Die Konzernstrategie zielt nicht nur nach außen. Nach innen ist das Signal: Straffung von Strukturen, Kosteneinsparungen bei Personal und Materialkosten, sowohl bei Geräten als auch Verbrauchsmaterial. Trotz blumiger Ankündigungen lässt die Digitalisierung auf sich warten. Andere Klinikträger arbeiten längst mit der digitalen Patientenakte und der damit verbundenen Technik. Auch wenn sie oft nicht funktioniert. Ein paar digitale Leuchttürme gibt es in hochprofitablen Bereichen, so den OP-Roboter, den Televisitenroboter auf der Intensivstation und natürlich KI in der Endoskopie. Das sind im Einzelfall hilfreiche Neuerungen. Doch im Alltag der klinischen Behandlung und Pflege spielt das alles keine Rolle. Dort werden die Ressourcen auf Verschleiß gefahren. Dienstkleidung für die Pflege wird künstlich knappgehalten. Entgegen einer konzernweiten Betriebsvereinbarung, die fünf Garnituren vorsieht, bleibt es trotz Protest bei drei. Bettwäsche für die Patienten wurde einfach reduziert. Zu viel Hygiene scheint das Geschäft zu stören. Da war es konsequent, die Befugnisse der Krankenhaushygiene zu reduzieren. Auf dringende Reparaturen muss oft lange gewartet werden, besonders bei Fahrstühlen oder im Sanitärbereich. Und die Zimmerreinigung wird zur Glückssache.

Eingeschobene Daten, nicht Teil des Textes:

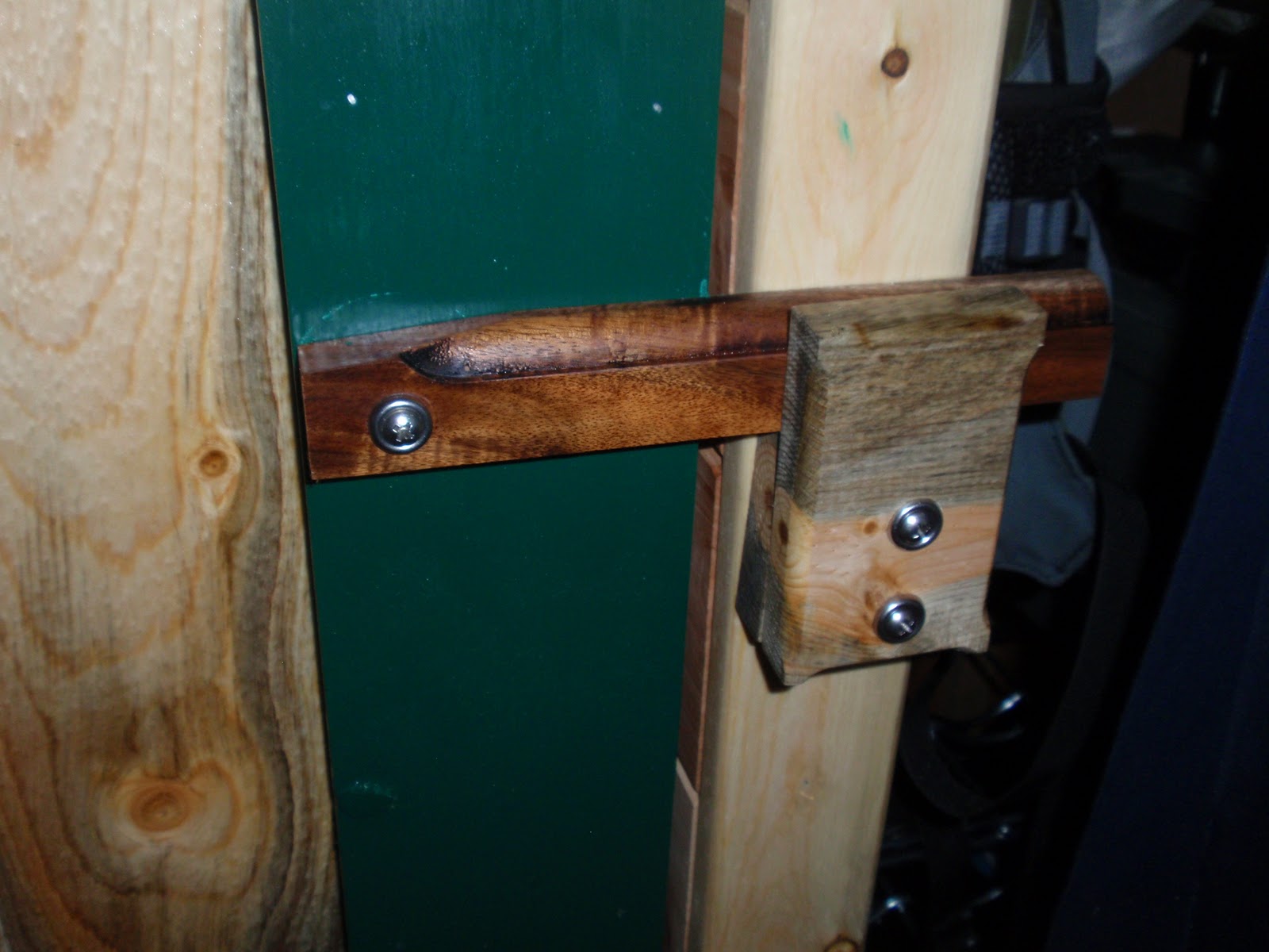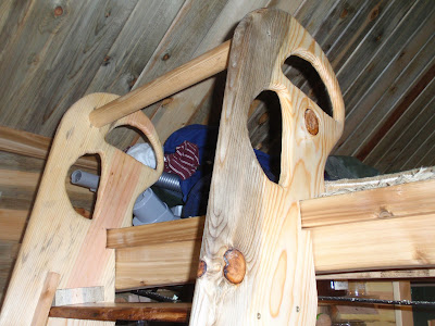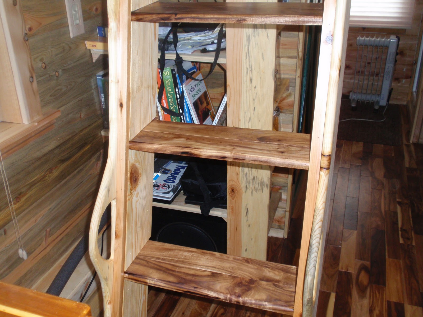 So here is what I wanted, a ladder that had the hand made look, had some pieces and parts made from what I made the cottage with, Beetle Kill Pine, Acacia Flooring, Cedar, Same Fasteners. I wanted really good sturdy hand grips at the top and the bottom so I put large doweling as part of the stability/hand rail. I needed something that would carry my weight and be very stable. Here is what I came up with

Beschäftigte organisieren sich

Lange Zeit war die betriebliche Interessenvertretung und die gewerkschaftliche Organisierung in den meisten Sana-Häusern marginal. Die oft als Einzelkämpfer agierenden Betriebsräte und Gewerkschafter waren wenig verankert und Betriebsgruppentreffen fanden nur sporadisch statt. Tarifverhandlungen hatten eher den Charakter kollektiven Bettelns. Im Sana-Klinikum Lichtenberg änderte sich das mit der zunehmenden Bereitschaft in den Belegschaften, aktiv zu werden, in die Gewerkschaft einzutreten und gemeinsam Aktionen vor der Klinik oder auch mal auf der Straße durchzuführen. Das hing auch zusammen mit dem Einsatz und der Wirkung der ver.di-Hauptamtlichen. Die Hinwendung in der Gewerkschaft zu stärkerer Aktivierung von Belegschaften hatte auch zu tun mit einem Wechsel von Strategie und Methoden in ver.di. Relevante Teile der Gewerkschaft setzen verstärkt auf Methoden des Organizing. Und sie haben damit Erfolg. In den Kämpfen um Entlastungstarifverträge an vielen Unikliniken, bei Vivantes und zuletzt im Jüdischen Krankenhaus Berlin hat sich das gezeigt. Neue Formen der gewerkschaftlichen Partizipation wurden etabliert. Über Teamdelegierte und ständigen Austausch konnte nahezu jedes Team wirklich erreicht werden. In der Ansprache der Beschäftigten wurde mehr Professionalität erreicht. Über mehrere Stufen von Mobilisierung wird schrittweise mehr Stärke im Betrieb aufgebaut.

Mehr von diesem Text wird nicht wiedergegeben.